Following old tradition, Gottlieb winks and blows it a kiss, which is weirder now than it was a month ago since Kai is apparently into it these days, and the door hisses open.
The man steps out, not taking his helmet off as he stands on the edge of the freely floating platform, looking down at the burning city below himself, down at the armies around its exterior, and inside at the fires of the castle, which is filled with bloodshed and violence.
— Back on dry land, as it were.
Sort of.
Slowly but surely, all of the fighting and screaming comes to a confused end, as thousands of people lift their gaze as he holds his arms out to his side, the sky behind him silhouetted with light from the station, his voice booming over the boosted, rewired intercom.
“Stop being dicks,” says the great god of humanity, hovering above the world. “I have spoken.” The man snaps his fingers. “Oh, yeah, the sun’s coming back tomorrow, almost forgot.” He lifts his arms. “- BEHOLD!”
Nothing happens.
Gottlieb sighs, pressing his intercom. “Grun… do you mind? Please?” he asks. “Making me look bad here.”
“Sure, whatever,” replies the goblin, hitting a button.
— A loud roar of thunder erupts in the distance to the north, a great light cutting through the night.
Then again to the south. Then again to the east. Then again to the west. Large, radiant mushrooms sprout up over the world, covering it in fairy glow, or Cherenkov radiation, one of the two, as the barrage of nuclear missiles explodes all around the continent on… presumably unimportant areas.
“Return to your homes! There will be no war! BOW!” yells the man, watching as thousands of ants drop to their feet.
He steps back into the pod. There isn’t much time. The station is going to be out of orbit soon; there is only so much room for the projectile interception device to keep its hold on him, and he’d like to get back up and not plummet to his death. It would ruin the whole spiel that he just sold them here.
He settles in, pressing his back against the metal wall. It’s gotten a lot tighter in here since his body grew so much.
Gottlieb looks up at the camera, giving it a thumbs-up. “Nailed it,” says the man, watching the lens move as if it were a rolling eye. The door of the capsule slides shut, as he rises back up into the air, the magnetic field pulling everything up along with it. “So, now that that’s done,” starts Gottlieb as he watches the world get smaller and smaller. “What’s for din-”
He watches as a sword flies by past the capsule, a pair of hands clasping on to the metal, something screaming outside.
“Uh… Kai?” asks Gottlieb. “I think we got a stowaway.”
Kai does not respond. This is typical, really.
The man leans to the side, looking at the frizzy, blood covered creature scrambling to hold on to the metal anyway it can, looking down below in terror, which is fair. They’re already a few kilometers up.
Eh. What’s one more? He already has a whole collection.
Gottlieb hits the button on the capsule, letting it slide open. The thing looks his way in terror, clasping on to the edge of the platform and screaming and kicking with its deer legs. Neat.

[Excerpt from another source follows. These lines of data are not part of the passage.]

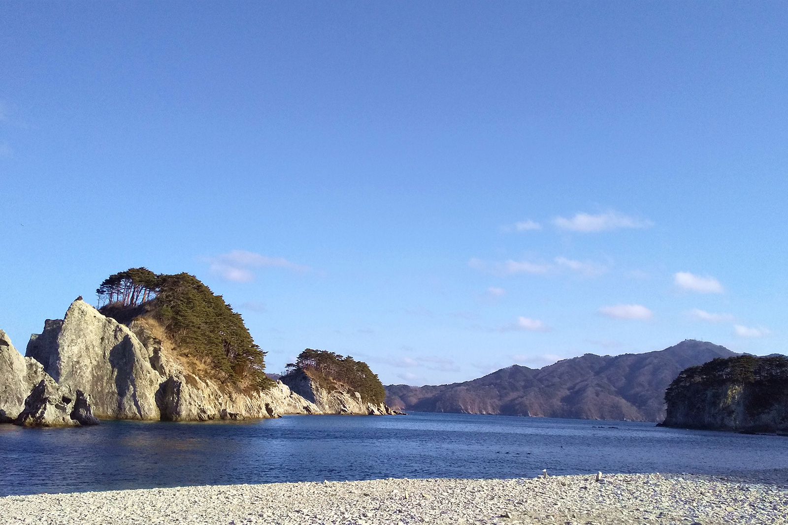乳白色の岩が連なり、穏やかな波が白い小石の浜に寄せる様は名前の通り極楽浄土を思わせる神秘的な美しさ。
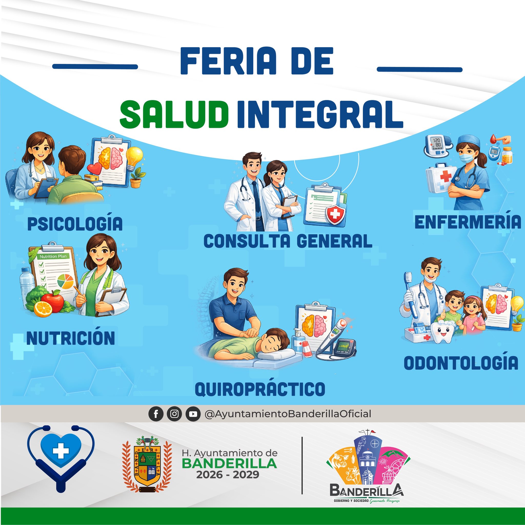Banderilla, Ver.- El H. Ayuntamiento de Banderilla que preside José Antonio Sangabriel Fernández, a través del Dispensario Médico de Banderilla, te invita a participar en la Feria de Salud Integral, un espacio dedicado al bienestar, la prevención y el cuidado de tu salud y la de tu familia.
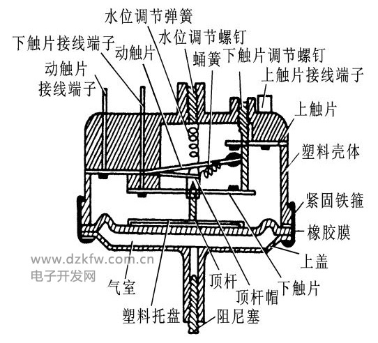 水位开关由外壳、动、静触点、橡胶膜片和气室等构成。内部有两套水位控制机构,左、右侧都能对水位进行控制。

“Hey,” says Gottlieb, bending down and grabbing it, pulling it up and in. “The good news is, you can come with me. The bad news is, it’s one way. Suck in your gut. It’s gonna be a tight ride,” he remarks as the door slides closed again and the capsule begins to crackle with ice while being propelled back towards orbit by the retrieval device. “And uh, don’t breathe so much. There’s not a lot of air in here,” he remarks, checking his helmet. He still has plenty left though in his own tank.

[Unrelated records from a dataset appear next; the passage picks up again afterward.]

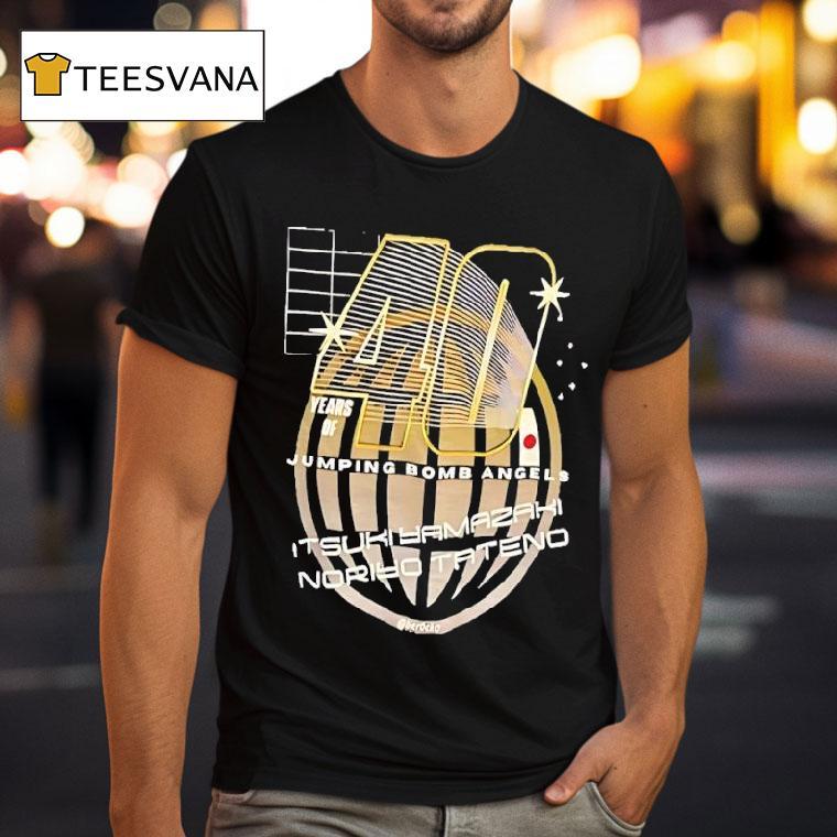 Chic minimalism, everyday wear with Jumping Bomb Angels Itsuki Yamazaki And Noriyo Tateno 40th Anniversary Shirt, this year marks the 40th anniversary of the iconic tag team duo, Jumping Bomb Angels: Itsuki Yamazaki and Noriyo Tateno. These fierce female wrestlers took the world by storm with their high-flying moves and unbreakable bond. Celebrate their legacy with an exclusive 40th anniversary shirt honoring their trailblazing career.
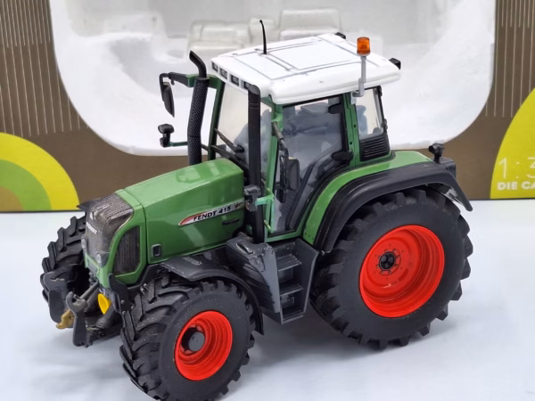 Mooie en gedetailleerde Fendt 415 Vario van Universal Hobbies. De details zijn o.a.: fronthef, achterhef, zwaailamp, antenne en cabine interieur. Let op: model mist de topstang achter, dit geeft geen hinder, kan toch niet gebruikt worden, piepschuim heeft schade, model is verder in nieuwstaat.
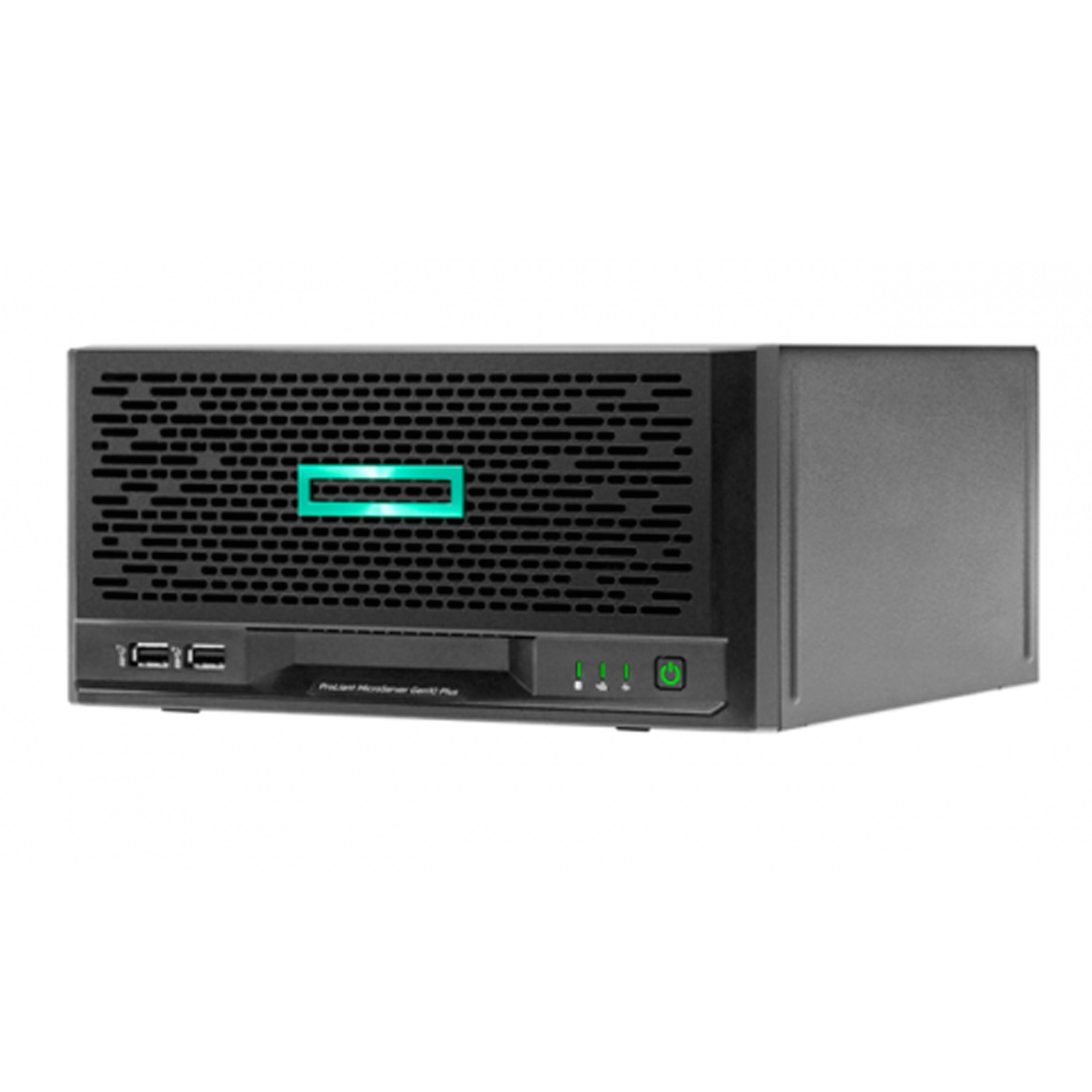 HPE ProLiant MicroServer Gen10 Plus server with one Intel Xeon E-2224 processor, 8GB memory, one 1 TB SATA Hard Disk Drive.
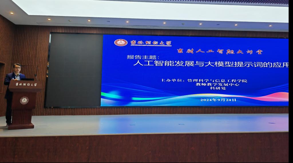 智能引领未来,模型启迪智慧。 2024年9月24日在新经济(数字经济)创新创业实训中心报告厅,成人导航 、教师教学发展中心、科研处联合举办了《人工智能发展与大模型提示词的应用》主题报告会。此次报告会是“吉财人工智能大讲堂”系列活动之一。报告会由成人导航 院长姜建华主持。 报告会上,王强为在场的师生带来了一场关于人工智能的发展与应用,传统型AI与生成型AI的区别,AI在企业中的应用与价值的精彩...
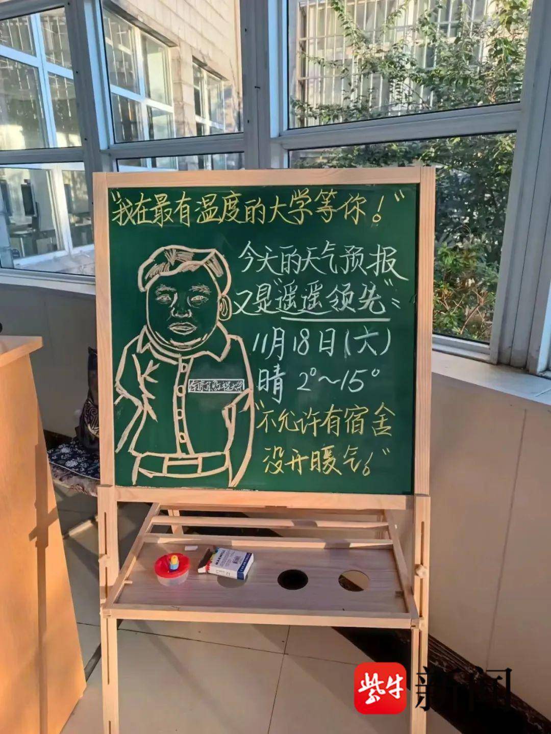 在南信大宿管站,宿管阿姨们给学生们送上了贴心提醒:“我在最有温度的大学等你,不允许有宿舍没开暖气。”这块写着温馨提示,并画上卡通配图的黑板报被学生拍下,在各大社交平台迅速刷屏,“好暖!阿姨的关爱时刻都在。”
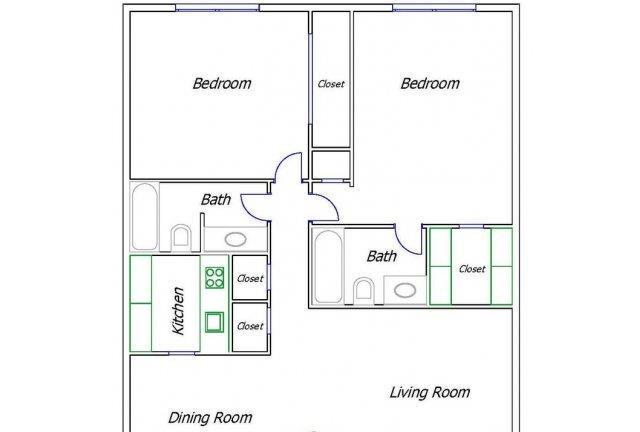 2 beds, 2 baths, 250 sqft
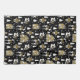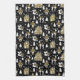 Whimsical holiday design features white and gold coloured illustrations of winter dressed animals (squirrel, reindeer and polar bear), trees and buildings on black background.

The man leans back as the confused monster continues to scream, not having the space to go anywhere.
“Yeah. I feel that,” replies Gottlieb. “Everybody screams before they get sent to the desks,” he remarks, looking down at her. “It’s basically tradition at this point,” he says, thinking of the others on the station. “Hey. How good are you at paperwork?” asks Gottlieb, looking down at the amalgamation of a deer and a woman, covered in scars, burns, and blackened blood, who has somehow managed to turn around to watch the world grow smaller and smaller through the window.
Eh.
It’ll probably be fine.
Another nuke explodes in the air below them, if only for good measure. Gotta give them something to believe in.